### DATASET ENTRIES
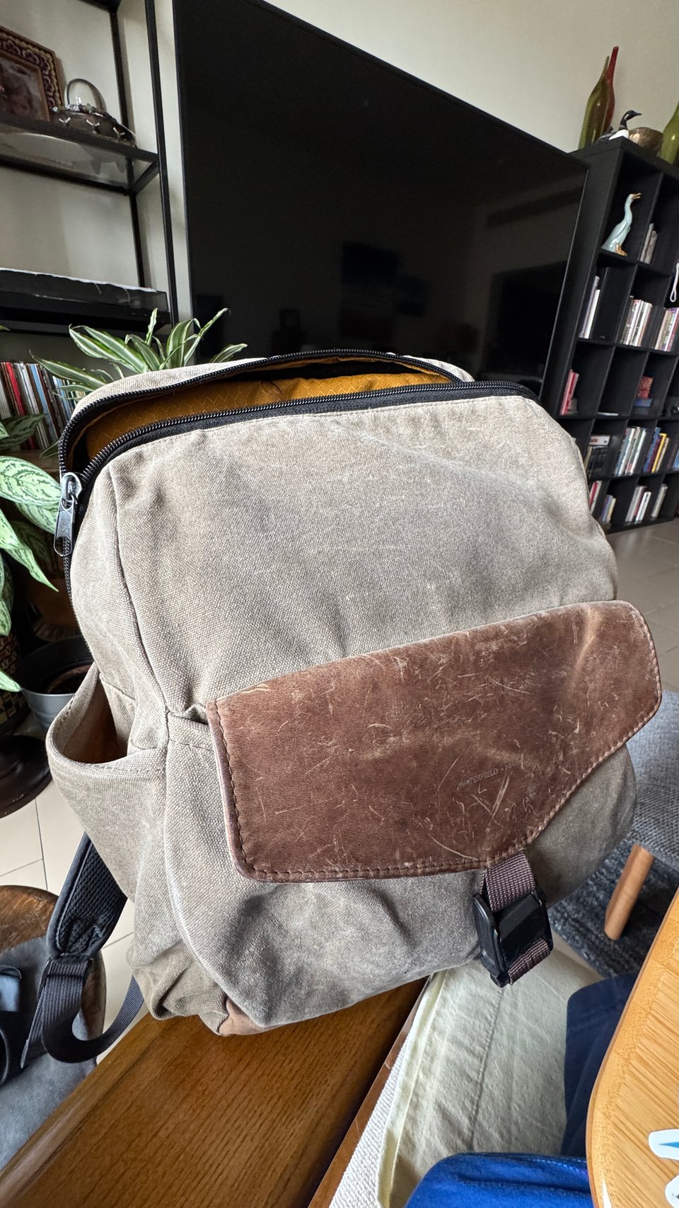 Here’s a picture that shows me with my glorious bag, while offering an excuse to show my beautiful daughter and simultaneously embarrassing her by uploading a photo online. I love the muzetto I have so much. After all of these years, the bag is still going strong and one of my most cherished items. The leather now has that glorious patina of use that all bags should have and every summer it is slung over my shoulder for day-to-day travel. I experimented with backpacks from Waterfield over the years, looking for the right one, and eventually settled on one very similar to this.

...

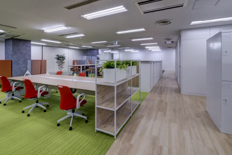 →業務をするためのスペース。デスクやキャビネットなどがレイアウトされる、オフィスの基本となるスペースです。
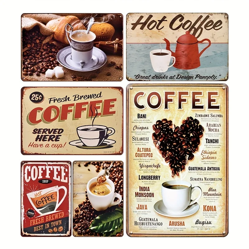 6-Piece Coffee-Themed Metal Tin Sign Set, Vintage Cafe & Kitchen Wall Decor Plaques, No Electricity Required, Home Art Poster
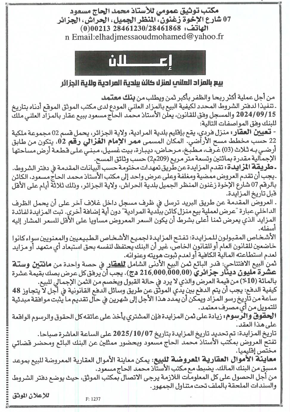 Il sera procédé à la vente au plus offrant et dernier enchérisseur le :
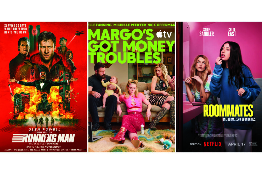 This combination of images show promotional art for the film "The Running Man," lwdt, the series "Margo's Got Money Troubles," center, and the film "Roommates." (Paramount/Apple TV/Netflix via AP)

### WHAT YOU WILL DO
Copy needed, without pictures: the lines of the listing above from the line containing "6-Piece Coffee-Themed Metal" up to and including the line containing "This combination of", set down exactly.

### SOLUTION FOR THIS PROBLEM
 6-Piece Coffee-Themed Metal Tin Sign Set, Vintage Cafe & Kitchen Wall Decor Plaques, No Electricity Required, Home Art Poster
 Il sera procédé à la vente au plus offrant et dernier enchérisseur le :
 This combination of images show promotional art for the film "The Running Man," lwdt, the series "Margo's Got Money Troubles," center, and the film "Roommates." (Paramount/Apple TV/Netflix via AP)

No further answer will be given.